* Task statement *
In the listing below, the lines from the first through the one with "Right click to" are to be copied word for word.

----- Source material -----

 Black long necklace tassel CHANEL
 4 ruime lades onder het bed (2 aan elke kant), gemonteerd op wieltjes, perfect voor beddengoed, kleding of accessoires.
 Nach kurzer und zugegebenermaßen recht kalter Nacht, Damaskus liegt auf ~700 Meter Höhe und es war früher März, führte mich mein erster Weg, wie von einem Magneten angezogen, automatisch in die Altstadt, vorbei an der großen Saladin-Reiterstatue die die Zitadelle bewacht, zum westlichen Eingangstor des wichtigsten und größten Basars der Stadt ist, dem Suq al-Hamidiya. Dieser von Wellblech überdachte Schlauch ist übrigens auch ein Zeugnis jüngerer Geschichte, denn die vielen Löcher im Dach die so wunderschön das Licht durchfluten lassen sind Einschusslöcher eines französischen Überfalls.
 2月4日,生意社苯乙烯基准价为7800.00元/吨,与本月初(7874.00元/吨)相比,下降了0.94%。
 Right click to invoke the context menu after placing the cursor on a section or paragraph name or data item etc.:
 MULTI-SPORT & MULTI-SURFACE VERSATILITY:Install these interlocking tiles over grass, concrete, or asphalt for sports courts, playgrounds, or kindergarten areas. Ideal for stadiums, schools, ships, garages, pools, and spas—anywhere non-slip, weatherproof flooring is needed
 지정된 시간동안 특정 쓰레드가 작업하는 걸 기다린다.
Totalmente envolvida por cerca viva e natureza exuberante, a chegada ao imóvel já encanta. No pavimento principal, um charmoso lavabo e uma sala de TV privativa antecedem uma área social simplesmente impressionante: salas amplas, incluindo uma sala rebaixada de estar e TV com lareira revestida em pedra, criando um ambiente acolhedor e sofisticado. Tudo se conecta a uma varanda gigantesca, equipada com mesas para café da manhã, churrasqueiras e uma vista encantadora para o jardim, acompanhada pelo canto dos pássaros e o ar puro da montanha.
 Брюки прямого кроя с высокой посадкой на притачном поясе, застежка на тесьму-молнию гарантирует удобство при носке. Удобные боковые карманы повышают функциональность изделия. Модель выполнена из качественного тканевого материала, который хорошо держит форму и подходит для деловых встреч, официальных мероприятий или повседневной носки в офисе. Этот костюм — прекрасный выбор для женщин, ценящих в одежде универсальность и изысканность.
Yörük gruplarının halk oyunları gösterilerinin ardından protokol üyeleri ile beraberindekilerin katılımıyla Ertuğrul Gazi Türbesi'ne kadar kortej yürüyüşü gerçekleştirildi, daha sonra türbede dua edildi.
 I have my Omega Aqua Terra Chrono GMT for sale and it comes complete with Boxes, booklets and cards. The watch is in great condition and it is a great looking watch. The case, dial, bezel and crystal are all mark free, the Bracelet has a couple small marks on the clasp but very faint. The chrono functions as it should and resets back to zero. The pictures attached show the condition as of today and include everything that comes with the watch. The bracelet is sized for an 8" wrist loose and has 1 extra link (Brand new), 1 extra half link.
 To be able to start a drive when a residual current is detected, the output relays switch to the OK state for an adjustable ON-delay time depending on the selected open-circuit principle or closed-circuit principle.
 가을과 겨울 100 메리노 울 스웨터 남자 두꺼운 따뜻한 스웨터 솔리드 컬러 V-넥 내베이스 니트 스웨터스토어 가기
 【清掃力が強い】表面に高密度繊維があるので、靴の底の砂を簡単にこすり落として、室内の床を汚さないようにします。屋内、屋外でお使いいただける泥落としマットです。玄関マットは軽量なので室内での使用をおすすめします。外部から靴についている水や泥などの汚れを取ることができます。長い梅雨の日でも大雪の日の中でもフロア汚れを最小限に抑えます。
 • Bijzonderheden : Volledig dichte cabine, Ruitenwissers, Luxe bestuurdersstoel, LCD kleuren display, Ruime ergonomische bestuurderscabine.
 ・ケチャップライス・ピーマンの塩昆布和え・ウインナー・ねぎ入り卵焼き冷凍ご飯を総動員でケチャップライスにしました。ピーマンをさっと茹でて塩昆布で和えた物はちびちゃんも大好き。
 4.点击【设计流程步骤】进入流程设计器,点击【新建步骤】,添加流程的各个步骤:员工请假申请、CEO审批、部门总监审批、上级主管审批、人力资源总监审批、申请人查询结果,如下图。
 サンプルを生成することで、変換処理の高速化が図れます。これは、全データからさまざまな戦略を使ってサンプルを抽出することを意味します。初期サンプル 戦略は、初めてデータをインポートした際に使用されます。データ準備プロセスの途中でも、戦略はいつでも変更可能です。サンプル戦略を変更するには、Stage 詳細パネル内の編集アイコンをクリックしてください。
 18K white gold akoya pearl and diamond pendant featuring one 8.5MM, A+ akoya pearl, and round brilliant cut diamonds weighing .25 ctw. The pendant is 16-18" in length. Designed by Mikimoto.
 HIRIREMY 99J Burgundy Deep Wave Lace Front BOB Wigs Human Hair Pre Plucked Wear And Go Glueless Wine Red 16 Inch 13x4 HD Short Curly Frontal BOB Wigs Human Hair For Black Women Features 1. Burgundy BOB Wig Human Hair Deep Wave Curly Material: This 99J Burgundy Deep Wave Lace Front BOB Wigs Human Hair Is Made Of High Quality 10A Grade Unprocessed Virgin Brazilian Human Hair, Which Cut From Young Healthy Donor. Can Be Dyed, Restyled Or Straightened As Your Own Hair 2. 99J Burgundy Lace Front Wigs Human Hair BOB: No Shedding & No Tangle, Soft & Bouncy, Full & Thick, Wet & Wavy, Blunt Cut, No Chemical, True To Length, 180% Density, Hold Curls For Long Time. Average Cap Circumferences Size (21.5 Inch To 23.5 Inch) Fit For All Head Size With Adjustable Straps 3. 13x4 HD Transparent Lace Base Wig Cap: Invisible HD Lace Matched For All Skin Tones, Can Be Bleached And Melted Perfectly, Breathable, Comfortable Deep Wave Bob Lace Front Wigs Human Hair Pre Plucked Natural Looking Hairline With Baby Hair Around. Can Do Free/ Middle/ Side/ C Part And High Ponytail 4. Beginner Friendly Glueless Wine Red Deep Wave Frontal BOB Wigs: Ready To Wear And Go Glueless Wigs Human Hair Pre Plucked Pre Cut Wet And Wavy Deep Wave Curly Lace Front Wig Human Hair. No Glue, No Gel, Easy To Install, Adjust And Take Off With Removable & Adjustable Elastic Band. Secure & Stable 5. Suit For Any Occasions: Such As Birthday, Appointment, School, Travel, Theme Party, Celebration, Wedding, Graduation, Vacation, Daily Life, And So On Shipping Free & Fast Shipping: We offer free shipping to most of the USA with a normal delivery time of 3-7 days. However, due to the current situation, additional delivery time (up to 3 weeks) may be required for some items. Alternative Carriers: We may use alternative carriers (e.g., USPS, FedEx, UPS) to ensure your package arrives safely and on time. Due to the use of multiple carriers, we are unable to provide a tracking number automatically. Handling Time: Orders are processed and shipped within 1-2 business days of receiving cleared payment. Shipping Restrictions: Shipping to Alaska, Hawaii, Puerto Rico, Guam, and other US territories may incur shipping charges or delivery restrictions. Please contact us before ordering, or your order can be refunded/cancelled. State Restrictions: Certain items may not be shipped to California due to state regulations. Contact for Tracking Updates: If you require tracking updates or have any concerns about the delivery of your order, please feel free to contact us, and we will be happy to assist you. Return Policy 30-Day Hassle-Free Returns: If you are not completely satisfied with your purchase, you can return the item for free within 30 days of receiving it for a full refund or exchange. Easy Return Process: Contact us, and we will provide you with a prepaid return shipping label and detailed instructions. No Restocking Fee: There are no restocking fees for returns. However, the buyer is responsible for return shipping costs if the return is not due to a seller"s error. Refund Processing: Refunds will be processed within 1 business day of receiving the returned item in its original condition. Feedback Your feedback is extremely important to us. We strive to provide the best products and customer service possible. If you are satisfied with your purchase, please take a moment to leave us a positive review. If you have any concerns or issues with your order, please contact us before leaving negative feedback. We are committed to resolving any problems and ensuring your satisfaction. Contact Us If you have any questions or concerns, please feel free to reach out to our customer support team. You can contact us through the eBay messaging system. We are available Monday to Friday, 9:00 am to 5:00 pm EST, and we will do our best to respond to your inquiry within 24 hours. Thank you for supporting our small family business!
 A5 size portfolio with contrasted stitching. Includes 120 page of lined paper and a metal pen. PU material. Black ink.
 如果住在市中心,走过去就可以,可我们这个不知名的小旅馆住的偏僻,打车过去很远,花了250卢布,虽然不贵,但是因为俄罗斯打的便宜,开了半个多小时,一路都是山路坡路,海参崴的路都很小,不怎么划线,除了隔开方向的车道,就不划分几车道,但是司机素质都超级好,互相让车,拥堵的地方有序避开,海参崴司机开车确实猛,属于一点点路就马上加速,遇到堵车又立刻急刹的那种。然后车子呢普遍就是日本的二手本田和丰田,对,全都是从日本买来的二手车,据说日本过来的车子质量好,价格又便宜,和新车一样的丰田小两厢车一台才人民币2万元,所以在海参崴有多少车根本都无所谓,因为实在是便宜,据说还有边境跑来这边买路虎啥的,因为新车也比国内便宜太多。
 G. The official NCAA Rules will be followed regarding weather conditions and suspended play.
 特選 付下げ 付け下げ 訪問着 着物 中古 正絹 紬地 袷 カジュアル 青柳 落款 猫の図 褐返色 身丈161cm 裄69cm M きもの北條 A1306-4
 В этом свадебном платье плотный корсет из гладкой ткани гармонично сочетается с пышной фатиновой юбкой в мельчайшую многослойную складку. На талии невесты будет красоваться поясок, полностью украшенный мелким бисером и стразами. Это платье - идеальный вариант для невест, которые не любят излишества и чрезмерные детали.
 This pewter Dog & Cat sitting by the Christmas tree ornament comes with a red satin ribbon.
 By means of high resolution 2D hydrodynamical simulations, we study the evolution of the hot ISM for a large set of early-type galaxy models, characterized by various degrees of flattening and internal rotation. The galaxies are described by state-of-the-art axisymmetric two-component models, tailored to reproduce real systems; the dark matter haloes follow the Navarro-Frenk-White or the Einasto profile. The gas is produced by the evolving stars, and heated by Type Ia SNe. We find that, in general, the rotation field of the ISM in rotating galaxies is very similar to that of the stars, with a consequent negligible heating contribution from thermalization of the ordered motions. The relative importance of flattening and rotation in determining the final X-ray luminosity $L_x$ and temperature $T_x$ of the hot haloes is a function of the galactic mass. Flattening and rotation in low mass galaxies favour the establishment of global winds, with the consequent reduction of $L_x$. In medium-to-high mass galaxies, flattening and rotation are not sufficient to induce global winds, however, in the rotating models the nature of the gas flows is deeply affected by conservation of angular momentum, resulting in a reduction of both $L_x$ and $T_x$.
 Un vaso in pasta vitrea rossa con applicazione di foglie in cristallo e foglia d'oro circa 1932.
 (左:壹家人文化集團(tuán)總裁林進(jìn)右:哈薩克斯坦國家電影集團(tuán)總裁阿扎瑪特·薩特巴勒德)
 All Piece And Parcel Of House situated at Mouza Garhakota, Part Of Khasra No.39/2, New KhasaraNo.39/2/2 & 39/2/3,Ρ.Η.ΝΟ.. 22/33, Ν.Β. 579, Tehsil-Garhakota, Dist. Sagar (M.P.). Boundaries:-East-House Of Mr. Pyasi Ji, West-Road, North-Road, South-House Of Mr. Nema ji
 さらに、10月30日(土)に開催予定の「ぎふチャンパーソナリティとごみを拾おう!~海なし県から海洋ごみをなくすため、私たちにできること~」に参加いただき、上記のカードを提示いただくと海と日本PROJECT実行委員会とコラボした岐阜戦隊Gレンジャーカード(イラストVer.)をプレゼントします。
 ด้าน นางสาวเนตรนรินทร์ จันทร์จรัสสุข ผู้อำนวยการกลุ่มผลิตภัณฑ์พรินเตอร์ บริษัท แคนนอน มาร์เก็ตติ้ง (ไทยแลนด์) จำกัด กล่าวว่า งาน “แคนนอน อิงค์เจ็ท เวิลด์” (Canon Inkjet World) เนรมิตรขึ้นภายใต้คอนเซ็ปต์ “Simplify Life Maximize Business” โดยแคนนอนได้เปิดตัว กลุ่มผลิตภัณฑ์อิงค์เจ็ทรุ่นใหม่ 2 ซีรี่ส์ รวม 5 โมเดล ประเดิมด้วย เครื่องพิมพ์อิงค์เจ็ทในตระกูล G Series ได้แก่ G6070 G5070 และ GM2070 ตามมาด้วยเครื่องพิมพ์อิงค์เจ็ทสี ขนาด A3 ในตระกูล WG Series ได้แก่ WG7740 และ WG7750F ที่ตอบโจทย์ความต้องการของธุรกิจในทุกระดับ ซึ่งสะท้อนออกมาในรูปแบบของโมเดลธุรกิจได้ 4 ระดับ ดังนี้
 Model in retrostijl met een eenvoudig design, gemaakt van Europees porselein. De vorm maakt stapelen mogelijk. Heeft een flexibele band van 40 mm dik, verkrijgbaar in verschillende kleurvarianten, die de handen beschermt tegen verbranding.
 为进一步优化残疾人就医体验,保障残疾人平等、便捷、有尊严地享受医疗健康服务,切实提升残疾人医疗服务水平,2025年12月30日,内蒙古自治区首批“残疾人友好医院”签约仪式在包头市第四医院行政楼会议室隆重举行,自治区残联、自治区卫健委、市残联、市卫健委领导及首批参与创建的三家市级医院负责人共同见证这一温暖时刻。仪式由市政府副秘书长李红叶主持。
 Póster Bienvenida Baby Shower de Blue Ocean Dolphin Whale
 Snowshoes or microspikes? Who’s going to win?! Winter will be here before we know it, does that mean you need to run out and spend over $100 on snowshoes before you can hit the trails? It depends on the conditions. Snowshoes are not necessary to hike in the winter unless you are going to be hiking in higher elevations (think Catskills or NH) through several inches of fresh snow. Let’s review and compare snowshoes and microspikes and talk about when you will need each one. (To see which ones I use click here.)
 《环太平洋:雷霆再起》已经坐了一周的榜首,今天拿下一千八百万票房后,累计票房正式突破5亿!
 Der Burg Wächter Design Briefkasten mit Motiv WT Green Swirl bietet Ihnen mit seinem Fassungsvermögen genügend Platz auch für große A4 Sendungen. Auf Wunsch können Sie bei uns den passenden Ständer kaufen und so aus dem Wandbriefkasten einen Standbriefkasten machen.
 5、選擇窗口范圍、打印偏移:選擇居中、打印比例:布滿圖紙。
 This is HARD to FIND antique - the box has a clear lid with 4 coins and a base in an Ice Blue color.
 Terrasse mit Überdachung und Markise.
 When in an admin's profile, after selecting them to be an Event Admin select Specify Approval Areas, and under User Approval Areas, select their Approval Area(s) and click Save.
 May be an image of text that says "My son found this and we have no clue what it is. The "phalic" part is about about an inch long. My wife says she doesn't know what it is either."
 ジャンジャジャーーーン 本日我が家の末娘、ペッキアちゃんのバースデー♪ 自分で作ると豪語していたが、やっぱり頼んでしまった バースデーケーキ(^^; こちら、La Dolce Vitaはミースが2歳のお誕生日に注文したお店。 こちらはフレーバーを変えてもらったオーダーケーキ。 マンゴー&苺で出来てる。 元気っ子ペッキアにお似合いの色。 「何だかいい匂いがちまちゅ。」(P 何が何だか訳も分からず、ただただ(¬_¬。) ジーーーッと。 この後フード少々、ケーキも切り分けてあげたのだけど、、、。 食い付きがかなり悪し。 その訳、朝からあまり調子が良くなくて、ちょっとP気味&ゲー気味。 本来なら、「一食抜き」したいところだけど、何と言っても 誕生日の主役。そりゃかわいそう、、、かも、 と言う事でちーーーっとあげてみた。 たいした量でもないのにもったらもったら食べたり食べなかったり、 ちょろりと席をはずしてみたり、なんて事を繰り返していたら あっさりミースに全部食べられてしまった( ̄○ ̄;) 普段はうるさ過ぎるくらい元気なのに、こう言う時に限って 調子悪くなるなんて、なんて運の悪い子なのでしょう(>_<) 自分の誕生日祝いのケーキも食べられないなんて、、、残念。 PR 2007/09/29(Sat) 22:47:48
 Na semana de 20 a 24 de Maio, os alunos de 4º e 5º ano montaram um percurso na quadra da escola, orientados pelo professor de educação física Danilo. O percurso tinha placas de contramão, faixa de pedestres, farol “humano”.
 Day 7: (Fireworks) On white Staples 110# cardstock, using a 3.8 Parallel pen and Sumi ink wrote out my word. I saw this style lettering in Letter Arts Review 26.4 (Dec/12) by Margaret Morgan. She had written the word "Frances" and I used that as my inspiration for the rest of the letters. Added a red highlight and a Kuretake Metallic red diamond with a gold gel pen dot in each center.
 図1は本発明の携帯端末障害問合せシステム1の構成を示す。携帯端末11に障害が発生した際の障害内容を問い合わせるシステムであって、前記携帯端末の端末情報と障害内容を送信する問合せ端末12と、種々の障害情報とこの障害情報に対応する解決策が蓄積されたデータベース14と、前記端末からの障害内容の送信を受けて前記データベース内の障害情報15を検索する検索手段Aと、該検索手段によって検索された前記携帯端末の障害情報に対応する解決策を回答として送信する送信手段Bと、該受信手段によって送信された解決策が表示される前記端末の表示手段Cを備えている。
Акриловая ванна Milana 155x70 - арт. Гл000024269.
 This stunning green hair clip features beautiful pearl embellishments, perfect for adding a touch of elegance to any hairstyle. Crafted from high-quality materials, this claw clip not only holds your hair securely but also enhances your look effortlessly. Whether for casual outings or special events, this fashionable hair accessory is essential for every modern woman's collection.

-----

* The answer *
 Black long necklace tassel CHANEL
 4 ruime lades onder het bed (2 aan elke kant), gemonteerd op wieltjes, perfect voor beddengoed, kleding of accessoires.
 Nach kurzer und zugegebenermaßen recht kalter Nacht, Damaskus liegt auf ~700 Meter Höhe und es war früher März, führte mich mein erster Weg, wie von einem Magneten angezogen, automatisch in die Altstadt, vorbei an der großen Saladin-Reiterstatue die die Zitadelle bewacht, zum westlichen Eingangstor des wichtigsten und größten Basars der Stadt ist, dem Suq al-Hamidiya. Dieser von Wellblech überdachte Schlauch ist übrigens auch ein Zeugnis jüngerer Geschichte, denn die vielen Löcher im Dach die so wunderschön das Licht durchfluten lassen sind Einschusslöcher eines französischen Überfalls.
 2月4日,生意社苯乙烯基准价为7800.00元/吨,与本月初(7874.00元/吨)相比,下降了0.94%。
 Right click to invoke the context menu after placing the cursor on a section or paragraph name or data item etc.:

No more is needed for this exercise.